NIHR aims to generate high-impact implementation research across these domains, build capacity through specialized training programmes, and develop effective behaviour change communication strategies to address NCD risk factors. The Institute welcomes collaboration with academic and research institutions, as well as individual researchers committed to advancing public health in alignment with national health priorities.

== Overview ==
The institute has state-of-the-art facilities to conduct basic laboratory-based research in its microbiology, biochemistry, and vector biology laboratories. It is expanding its manpower and infrastructure to strengthen its capacity in conducting Implementation research related to NCDs.

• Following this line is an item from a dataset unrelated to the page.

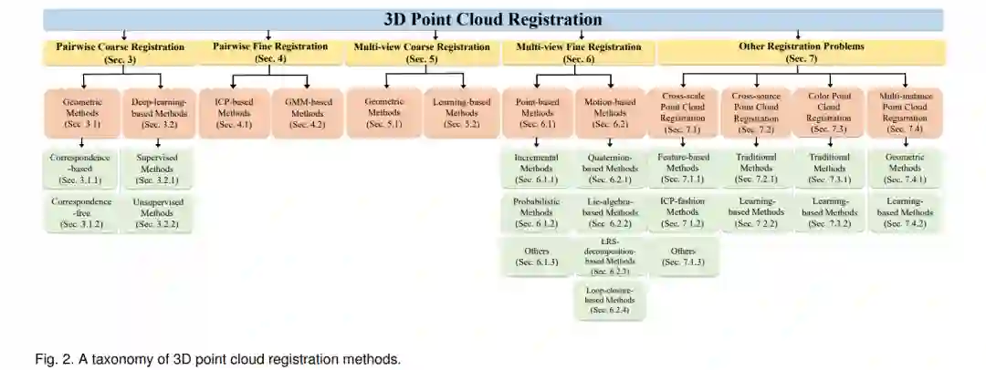 本文的其余部分安排如下:第二节回顾了点云配准的数据集和评估指标;第三节介绍了配对粗配准方法,包括基于对应和无对应的方法;第四节讨论了配对精细配准方法,重点介绍了基于ICP和GMM的方法;第五节介绍了多视角粗配准方法,包括几何方法和基于深度学习的方法;第六节介绍了多视角精细配准方法,包括基于点的和基于运动的方法;第七节介绍了其他配准问题,如跨尺度、跨源、彩色点云和多实例配准;第八节讨论了该领域的挑战与机会。最后,第九节总结了全文。
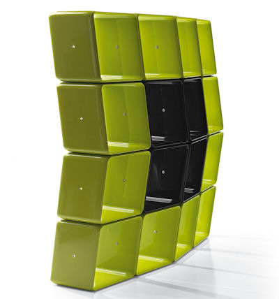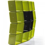 Obo di Cerruti Baleri. Si basa sulla ripetizione di un contenitore modulare realizzato in materiale plastico lucido. Le varie combinazioni creano un sistema di contenimento di oggetti e separazione di spazi da adattare a ogni stanza, In bianco o nero per uno stile più sobrio, o arancio e verde lime se volete creare una zona vitaminica.

At present, the institute has a team comprising scientists, technical experts, and administrative and support staff.

== Vision ==
To be the leader in conducting implementation research for prevention and control of non-communicable diseases.

== Mission ==
To equip all health care workers in the country with the necessary skills and competencies so that they can contribute to the prevention, control, and treatment of diseases & providing a support to national health Programme.

== Goal ==
To reduce the burden of diseases and improve the quality of life of people.

== Objectives ==
- To conduct implementation research in non-communicable diseases of public health significance.
- To develop human resources and build capacities for strengthening implementation research capabilities in other institutions.
- To develop information, education, and communication (IEC) strategies and tools for prevention, control, and treatment of NCDs.
- To provide recommendations to policy makers and planners in framing policies for prevention, control, and treatment of NCDs.
- To collaborate with other institutions, agencies, and individuals for developing innovative solutions for NCDs’ prevention, control, and treatment.
- To create an interface between communicable diseases and non-communicable diseases.

== Research Focus ==
The institute’s thrust areas of research include:
- Cardiovascular disease
- Chronic respiratory disease
- Environmental health
- Nutritional Deficiencys
- Cancers
- Injury & Trauma
- Mental health and substance abuse
- Genetic disorders
- Other non-communicable diseases of public health significance in India.

== Research Laboratories ==
The research laboratories at NIHR include:
- Bio Technology Laboratory (Erstwhile Vector Biology Lab)
- Microbiology Laboratory
- Bio-Chemistry Laboratory
- Virology Laboratory
- Epidemiology Laboratory

== Collaborations and Capacity Building ==
NIIRNCD aspires to:
- Carry out implementation research in its thrust areas.
- Provide training for capacity building in implementation research to other academic and research institutions.
- Develop behavior change communication materials and models for tackling risk factors of various NCDs.
- Foster collaborations with national & international institutions and individuals interested in augmenting research on non-communicable diseases.